В деревне Ривьер. Крещение. Конфликт с Полисадовым.

Шинонский монастырь


В теплушке нас отвезли в Тур. В дороге, после нескольких дней голода, я жадно набросился на еду. Началась горячка, я потерял сознание и уже не помню, как очутился в Туре. Когда очнулся, с удивлением озирался вокруг и узнавал многих эмигрантов. Они рассказывали, что я бредил, ухаживали за мной. Вскоре нас отпра-


вили в город Шинон, в древнюю столицу Франции, а оттуда отдельными группами по 20-25 человек распределили по разным деревням на берегах Эндр и Луары. Я попал в деревню Ривьер.

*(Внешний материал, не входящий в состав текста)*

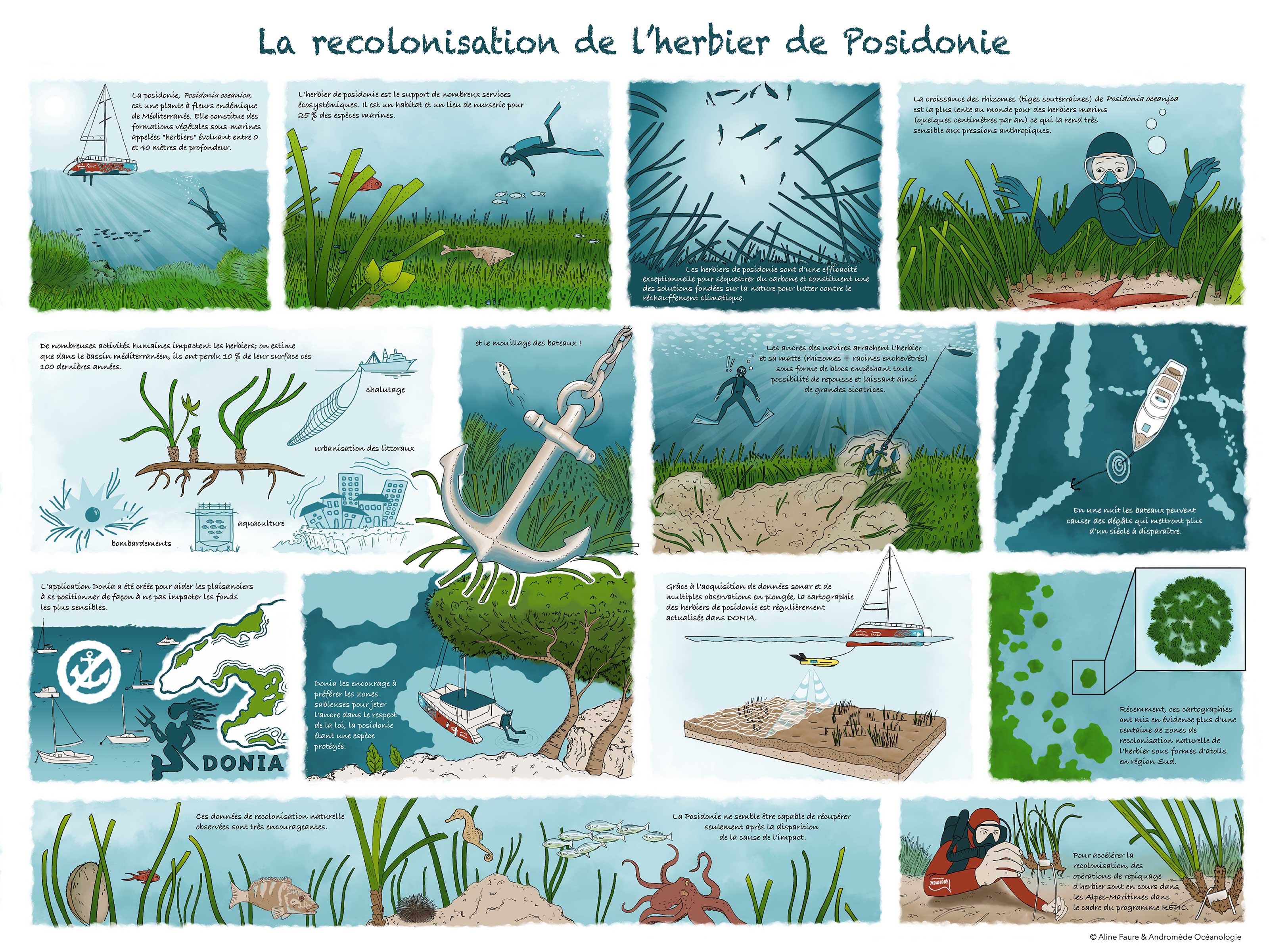 Bande dessinée de vulgarisation scientifique pour l'entreprise andromède océanologie sur les herbiers de posidonie, espèce protégée.

Нас расселили у крестьян. Мужчин в деревне не было – всех угнали на фронт. Оставались лишь старики и молодежь, не достигшая призывного возраста. Мало того, что нас освободили от внесения квартирной платы (в военное время действовал мораторий, в силу которого жители городов и сел не вносили квартирной платы домовладельцам), на каждого беженца полагалось вспомоществование – по два франка в день. Раз в месяц учитель деревенской школы выписывал ведомость, по которой один из нас в городе Иль Бушар в мэрии получал пособие на всю нашу коммуну (нас было двадцать три человека, и мы решили образовать коммуну). За деньгами (достаточно солидной суммой) ездили все члены коммуны поочередно. Получателю мэр Ревьер выдавал пропуск на поездку за своей подписью и печатью.

Когда население деревни к нам привыкло, нас стали приглашать собирать в садах персики и яблоки:

– Ешьте хоть до отвала, ведь пропадет! Набирайте в ведра, ешьте… Жалко глядеть на сады, некому сбывать урожай…

Работать нас не заставляли, но мы добровольно шли на уборку винограда к местному помещику, который за изнурительную работу платил нам по два франка в день.

Работая на виноградниках, я не переставал интересоваться католической церковью, по воскресеньям ходил к обедне и познакомился с молодым священником, отцом Жантэ, о котором написал Полисадову. В ответ я получил рекомендательную записку: Полисадов просил Жантэ заняться мною. В назначенные часы, после работы я ходил на дом к священнику и зубрил наизусть краткий катехизис. Четырнадцатого марта 1915 года, в день моего рождения, меня крестили, а после крещения сын моей крестной матери сопроводил меня в Тур. Там в соборе я принял первое причастие. Когда я вернулся в Ривьер, некоторые члены нашей коммуны отвернулись от меня. Стали обвинять меня чуть ли не в предательстве эмигрантов, утверждать, что с моим переходом в католическую веру я себе будто создал привилегированное положение.

Художник Костюковский, с которым мы жили в одной комнате, успокаивал меня: «Не обращайте внимания на фанатиков». Мы с ним сдружились. Он писал «космические» композиции: на фоне


черной ночи носятся планеты и яркое солнце. Я читал Костюковскому свои стихи. Они ему нравились.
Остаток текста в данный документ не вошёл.